— Extracted entries —

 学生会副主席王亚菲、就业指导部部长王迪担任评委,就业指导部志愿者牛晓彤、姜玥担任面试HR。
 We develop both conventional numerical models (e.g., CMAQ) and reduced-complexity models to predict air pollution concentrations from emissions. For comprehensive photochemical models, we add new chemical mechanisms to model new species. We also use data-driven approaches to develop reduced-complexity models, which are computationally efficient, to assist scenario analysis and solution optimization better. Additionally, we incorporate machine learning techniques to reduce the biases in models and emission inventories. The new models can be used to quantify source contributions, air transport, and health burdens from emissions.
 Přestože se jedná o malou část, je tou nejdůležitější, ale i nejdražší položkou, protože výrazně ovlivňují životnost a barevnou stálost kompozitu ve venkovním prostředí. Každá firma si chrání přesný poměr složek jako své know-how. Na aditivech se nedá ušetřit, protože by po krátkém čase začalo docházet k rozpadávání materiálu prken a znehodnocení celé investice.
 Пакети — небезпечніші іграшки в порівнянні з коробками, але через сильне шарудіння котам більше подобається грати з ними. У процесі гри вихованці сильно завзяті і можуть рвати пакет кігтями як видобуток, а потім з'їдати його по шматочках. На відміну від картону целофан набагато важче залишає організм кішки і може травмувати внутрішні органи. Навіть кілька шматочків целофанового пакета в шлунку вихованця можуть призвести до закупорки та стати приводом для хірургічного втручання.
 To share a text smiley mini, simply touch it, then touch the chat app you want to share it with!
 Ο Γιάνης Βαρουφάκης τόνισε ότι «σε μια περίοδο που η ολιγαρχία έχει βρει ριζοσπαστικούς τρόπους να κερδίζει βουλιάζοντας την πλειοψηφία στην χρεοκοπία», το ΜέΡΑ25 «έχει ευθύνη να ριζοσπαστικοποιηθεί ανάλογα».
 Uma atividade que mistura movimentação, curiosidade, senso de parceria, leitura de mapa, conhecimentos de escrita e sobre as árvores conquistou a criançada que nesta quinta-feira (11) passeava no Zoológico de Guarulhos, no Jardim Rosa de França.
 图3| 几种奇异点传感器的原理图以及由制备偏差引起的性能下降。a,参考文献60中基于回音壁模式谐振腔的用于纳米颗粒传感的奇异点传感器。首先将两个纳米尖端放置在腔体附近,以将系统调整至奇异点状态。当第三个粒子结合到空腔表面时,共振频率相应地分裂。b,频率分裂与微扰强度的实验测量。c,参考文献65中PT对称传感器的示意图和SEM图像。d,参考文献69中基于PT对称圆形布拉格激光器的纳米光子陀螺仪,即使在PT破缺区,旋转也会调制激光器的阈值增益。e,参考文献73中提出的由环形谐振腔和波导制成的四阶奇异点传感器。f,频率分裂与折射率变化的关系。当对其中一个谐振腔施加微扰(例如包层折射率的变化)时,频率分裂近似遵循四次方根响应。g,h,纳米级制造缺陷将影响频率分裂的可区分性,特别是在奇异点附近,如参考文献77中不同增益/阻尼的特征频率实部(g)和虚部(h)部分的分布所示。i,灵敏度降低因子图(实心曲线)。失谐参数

— Task directions —
In the listing above, locate the line containing "To share a text" and the line containing "Uma atividade que". Extract those two lines and every line between them, exactly as written, and only those.

— Output for this task —
 To share a text smiley mini, simply touch it, then touch the chat app you want to share it with!
 Ο Γιάνης Βαρουφάκης τόνισε ότι «σε μια περίοδο που η ολιγαρχία έχει βρει ριζοσπαστικούς τρόπους να κερδίζει βουλιάζοντας την πλειοψηφία στην χρεοκοπία», το ΜέΡΑ25 «έχει ευθύνη να ριζοσπαστικοποιηθεί ανάλογα».
 Uma atividade que mistura movimentação, curiosidade, senso de parceria, leitura de mapa, conhecimentos de escrita e sobre as árvores conquistou a criançada que nesta quinta-feira (11) passeava no Zoológico de Guarulhos, no Jardim Rosa de França.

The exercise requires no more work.